Wisconsin health care ranks second highest in nation

Last updated on July 2nd, 2019 at 09:10 am

Wisconsin is the second most highly-rated state in the country based on the quality of its health care, only behind New Hampshire, according to the federal Agency for Healthcare Research and Quality (AHRQ).

Wisconsin ranked third highest last year behind Minnesota and Massachusetts and has consistently placed at or near the top of AHRQ’s ranking since 2005.

AHRQ measures health care quality in three different contexts: by types of care (such as preventive, acute or chronic care), by settings of care (such as hospitals, nursing homes, home health or hospice), and care by clinical area (such as care for patients with cancer or respiratory diseases). For more information on the rankings, click here.

Wisconsin Hospital Association president and chief executive officer Eric Borgerding said Wisconsin’s health care leaders and caregivers are committed to delivering the highest standards of patient care and to improving quality across the state in both rural and urban areas.

“The AHRQ rankings are national validation of what we know here; Wisconsin’s local and regional health systems are delivering some of the best care in the country,” Borgerding said. “Across the continuum of care, in rural and urban settings, we are continuing to perform well, while always knowing we can do more. It is that combination of performance and commitment to be better that makes Wisconsin a perennial leader.”

One of the areas in which Wisconsin hospitals scored higher than national benchmarks was on measures related to the use of electronic health records (EHR). According to the WHA, Wisconsin hospitals and health systems were early adopters of EHR technology, and the rankings are an indication that health care professionals are using EHR to improve communications with one another and with their patients.

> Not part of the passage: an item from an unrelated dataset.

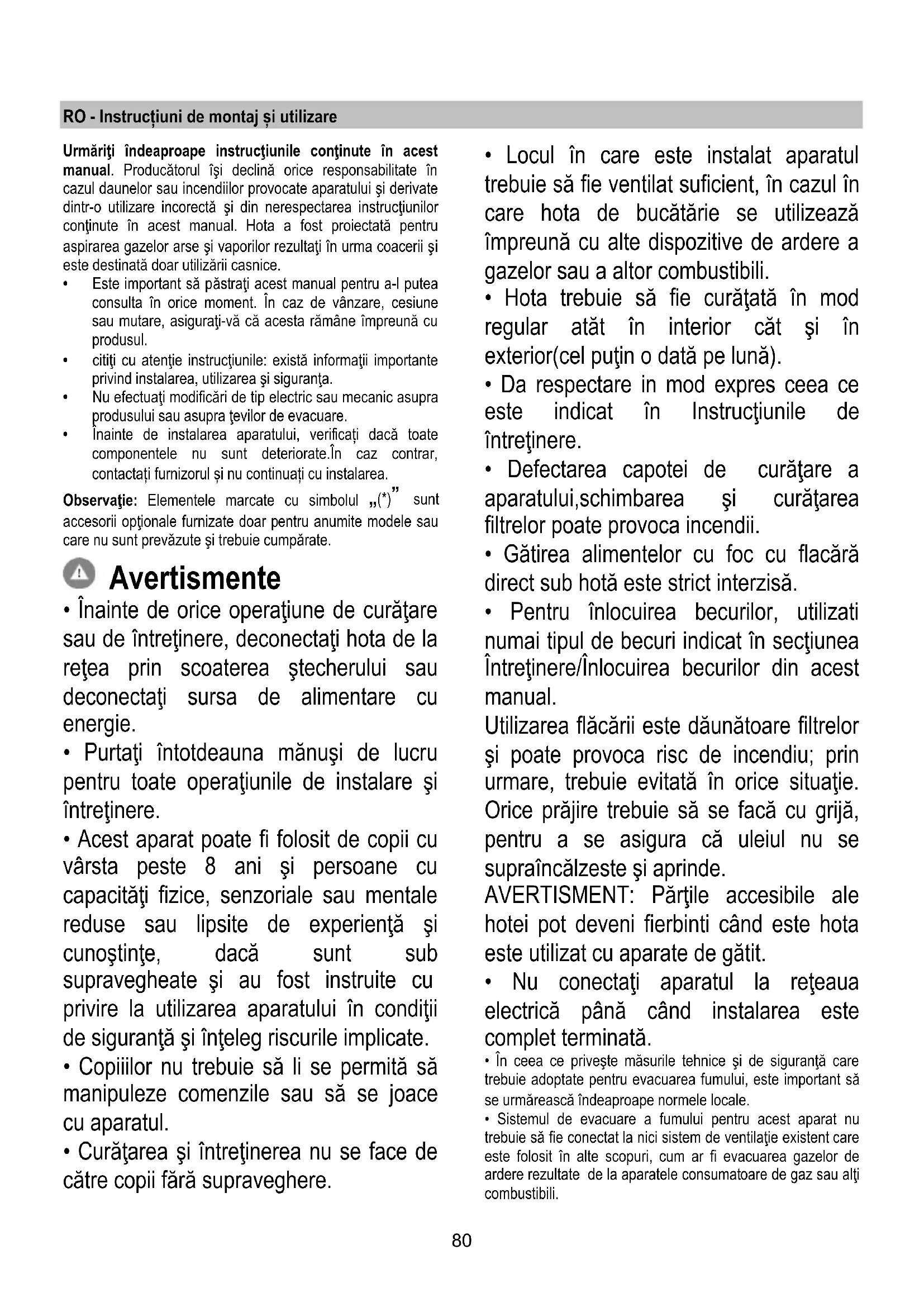 Монтирайте отново решетката. Ако ел. крушките не светят, проверете дали са монтирани правилно преди да потърсите помощта на специалист.80 RO - Instrucțiuni de montaj și utilizare Urmăriţi îndeaproape instrucţiunile conţinute în acest manual. Producătorul îşi declină orice responsabilitate în cazul daunelor sau incendiilor provocate aparatului şi derivate dintr-o utilizare incorectă şi din nerespectarea instrucţiunilor conţinute în acest manual. Hota a fost proiectată pentru aspirarea gazelor arse şi vaporilor rezultaţi în urma coacerii şi este destinată doar utilizării casnice.

The fact that Wisconsin has maintained a top ranking in the AHRQ measures for nearly a decade demonstrates a sustained commitment to achieving better quality and higher value health care, the WHA said.

“While these recent results are more welcome news, it is that sustained high performance that is most noteworthy,” Borgerding said. “Wisconsin’s caregivers and our hospital and health system leaders are showing a long-term commitment to the pursuit of better, more efficiently delivered care. That is good news for our patients and Wisconsin’s employers. It sets us apart and it is a real asset and advantage for our state.”

In a recent speaking engagement in Madison, Gov. Scott Walker touted Wisconsin’s high-quality, high-value health care as an economic development asset that deserves global recognition.

“All across the state of Wisconsin, there’s access to really remarkably high quality health care, some of the best not just in the country, but in the world, and you can’t put a premium on that,” Walker said. “Sometimes we take it for granted because we don’t have to travel to another state or another region…It is a key element in the quality of life that we have in the state of Wisconsin.”